-- Task item --
Transcribe only part of the material below: the lines from the one containing "DAY 06: YOSEMITE" through the one containing "Sent from the New Republic. playlist.", inclusive, exactly as written.
═════ The data ═════
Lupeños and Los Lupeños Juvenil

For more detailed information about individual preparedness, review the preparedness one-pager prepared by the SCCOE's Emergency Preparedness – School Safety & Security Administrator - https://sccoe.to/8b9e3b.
═════
═════ The data ═════
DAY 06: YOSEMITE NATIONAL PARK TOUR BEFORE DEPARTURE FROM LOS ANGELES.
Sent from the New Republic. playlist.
═════
-- The completed task --
DAY 06: YOSEMITE NATIONAL PARK TOUR BEFORE DEPARTURE FROM LOS ANGELES.
Sent from the New Republic. playlist.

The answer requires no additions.